What is expected
Write out exactly, and only, the lines from the one containing "Fig. 2 Critical" through the last line of the listing below.

Dataset excerpt
* * *

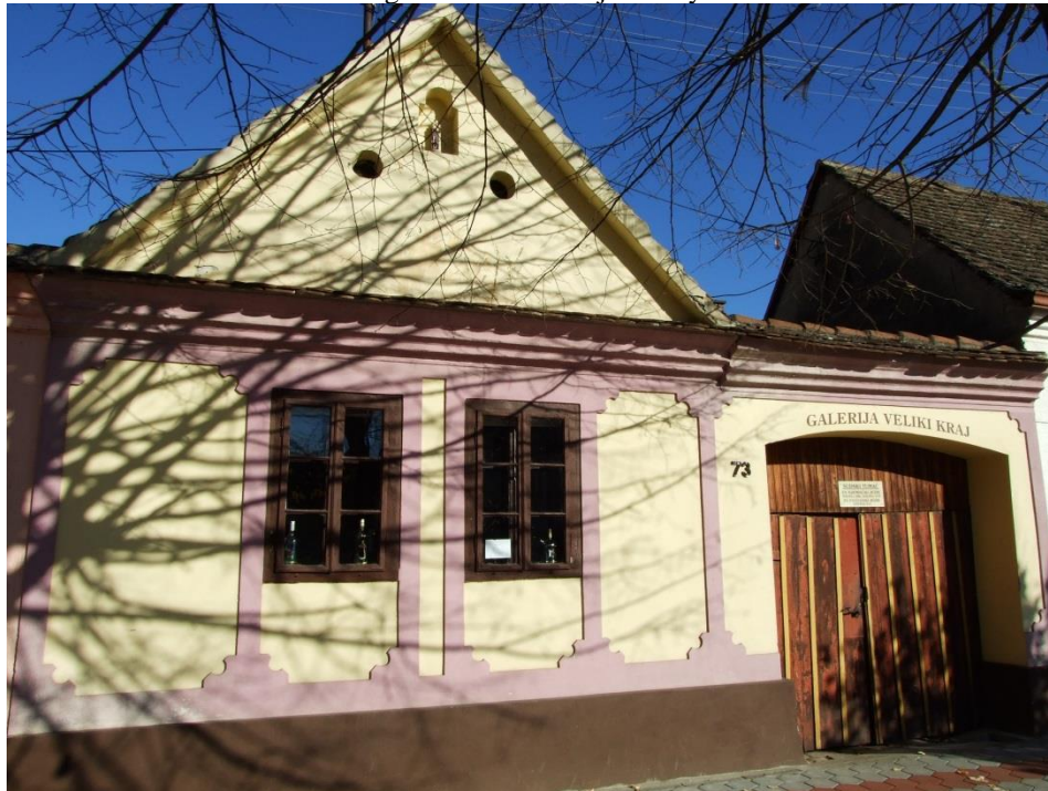
Figure 5. Veliki Kraj Gallery

http://www.tz-zupanja.hr/galerija-veliki-kraj/
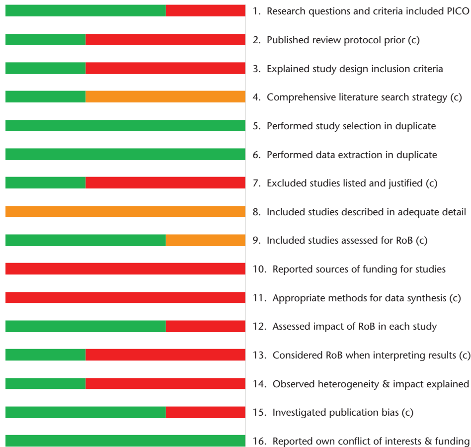
Fig. 2 Critical AMSTAR-2 domains for the assessment of the meta-analyses.

Note. AMSTAR-2, A MeaSurement Tool to Assess systematic Reviews; PICO, Population Intervention Comparator Outcome; RoB, risk of bias; c, critical.

* * *

Solution
Fig. 2 Critical AMSTAR-2 domains for the assessment of the meta-analyses.

Note. AMSTAR-2, A MeaSurement Tool to Assess systematic Reviews; PICO, Population Intervention Comparator Outcome; RoB, risk of bias; c, critical.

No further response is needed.